I just passed a post on reddit where a gentleman performed a part of a scene from Hamlet and I could not help but be in awe the entire time. His delivery, his pacing, he was exactly how I imagine that scene should have been performed. The slight mania, the anger, the self hatred, the concern, it moved me to get up and write something.

I always have thoughts come to mind that I want to type out but I choose to do anything other than that. Honestly, right now I would rather delve into monologues and pretend to be someone else and put emotion into something, but acting isn’t exactly in my book of random ass shit I do ok at. I am dramatic, yes, but acting is something else. When I sing along with musicals I am those characters, I try to be at least, I wonder if acting would feel as freeing. But then you have to act in front of others, there’s an audience, there’s critiques, there’s unkind words and my head is already full of enough of those as it is.
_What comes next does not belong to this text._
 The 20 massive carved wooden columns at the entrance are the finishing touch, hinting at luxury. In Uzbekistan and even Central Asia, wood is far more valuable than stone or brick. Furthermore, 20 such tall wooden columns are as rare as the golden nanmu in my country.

Maybe I could just look up some monologues I can recognize and for a moment, just by myself, pretend. I am full of so many emotions, even now fucking crying over a keyboard and I couldn’t tell you why.
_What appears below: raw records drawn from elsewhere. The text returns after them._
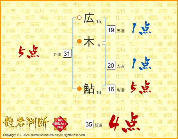生活面を象徴する運勢です。外部から受ける影響力を表し、結婚運、家庭運や職場、環境への順応性を表します。総運から人運を引いた画数。姓や名が1文字の場合を除く。
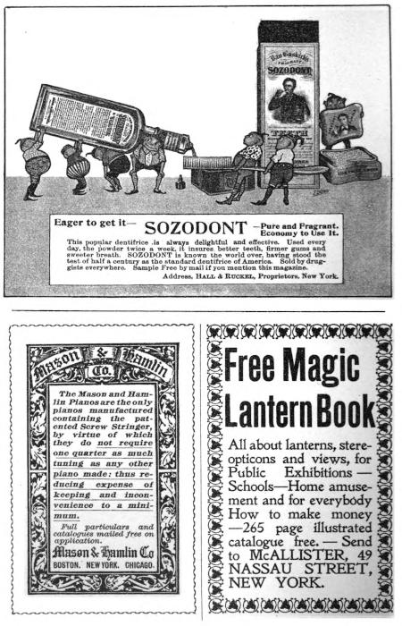 All about lanterns, stereopticons and views, for Public Exhibitions—Schools—Home amusement and for everybody How to make money—265 page illustrated catalogue free.—Send to McALLISTER, 49 NASSAU STREET, NEW YORK.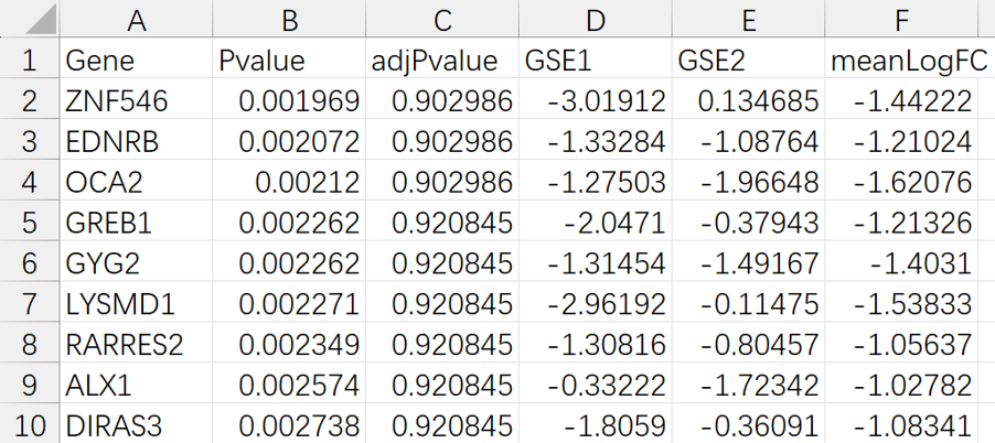 colnames(out) <- c("Gene", "Pvalue", "adjPvalue", "meanLogFC")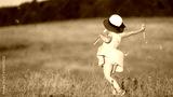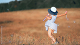 A little girl in a hat launches soap bubbles in the nature at sunset. Sparkling bubbles flying in different directions. Copy space.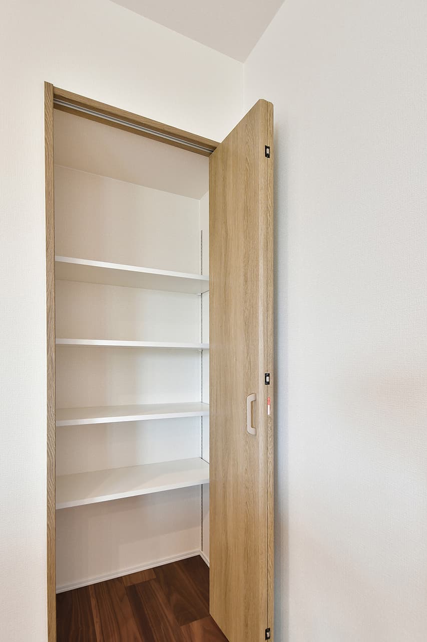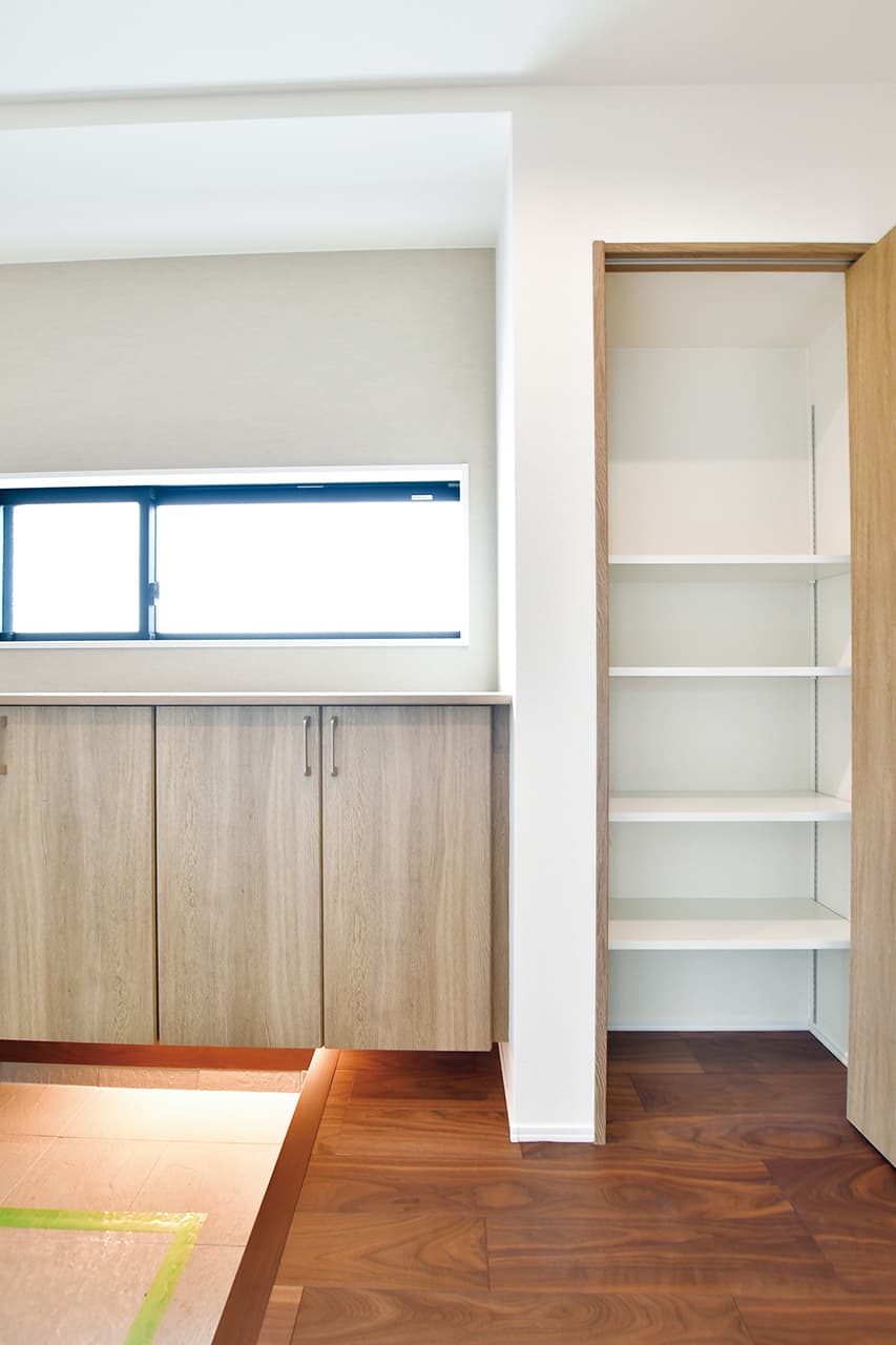 システムキッチンのすぐそばに配置したパントリー。ストック食品や調味料やお酒のほか、非常食や水のペットボトルなどの防災用品も収納できます。キッチンからすぐ手が届く場所にあるから、整理整頓もテキパキできて、キッチン空間をスッキリ保てます。

I always felt for Ophelia, but as an adult I wonder if that’s because I wanted to see myself in the sad characters. I did it with songs also, I clung to the sad girl song in musicals or whatever was closest. And while I do still feel for her, having been just another pawn like so many in their tale, I feel more for the protagonist now. They both suffered, and had his father not been murdered and the entire plot been different, they would have been fine, but that’s now how Shakespeare worked. And in this story every suffers, everyone is played with and used, but who was manipulated the most?

It doesn’t matter. Nothing I put into this journal really matters. They’re just ramblings so I can say something into the void instead of just rambling at myself. I don’t know what I wanted to accomplish with this anymore, especially since I don’t use it, like so many other things. I do or use something for a short while and then I only think about it and do nothing more with it. I need a life coach to gently yell at me.